### Work required
Excluding any images, copy all of the lines below precisely as written.

### Dataset extract

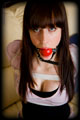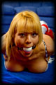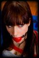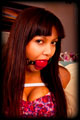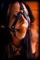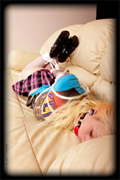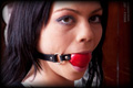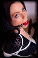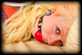 Courtney gave me a call one day and asked if she could drop in to discuss some ideas she was having for a shoot. She arrived wearing a very typical outfit for her, and plunked herself down onto my couch looking oh so sweet and innocent. We got to talking, and then one thing led to another, and before we knew it is she was hogtied tightly on the couch with a big ball gag in her mouth! It was late and so I went and had dinner, and just left her like that to squirm around wondering how she got into this mess. |
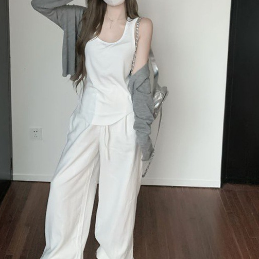 | nameOriginal | Lazy Style suit Women's Summer Korean White Camisole Sunscreen Cardigan Casual Wide-leg Pants Casual Three-piece Set |
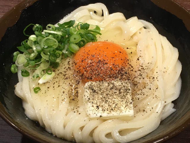 定番のかけうどんはもちろん、本店にはないメニュー「釜玉バター」もカルピスバターの濃厚な味わいが好評だ。

### Response to this exercise
 Courtney gave me a call one day and asked if she could drop in to discuss some ideas she was having for a shoot. She arrived wearing a very typical outfit for her, and plunked herself down onto my couch looking oh so sweet and innocent. We got to talking, and then one thing led to another, and before we knew it is she was hogtied tightly on the couch with a big ball gag in her mouth! It was late and so I went and had dinner, and just left her like that to squirm around wondering how she got into this mess. |
 | nameOriginal | Lazy Style suit Women's Summer Korean White Camisole Sunscreen Cardigan Casual Wide-leg Pants Casual Three-piece Set |
 定番のかけうどんはもちろん、本店にはないメニュー「釜玉バター」もカルピスバターの濃厚な味わいが好評だ。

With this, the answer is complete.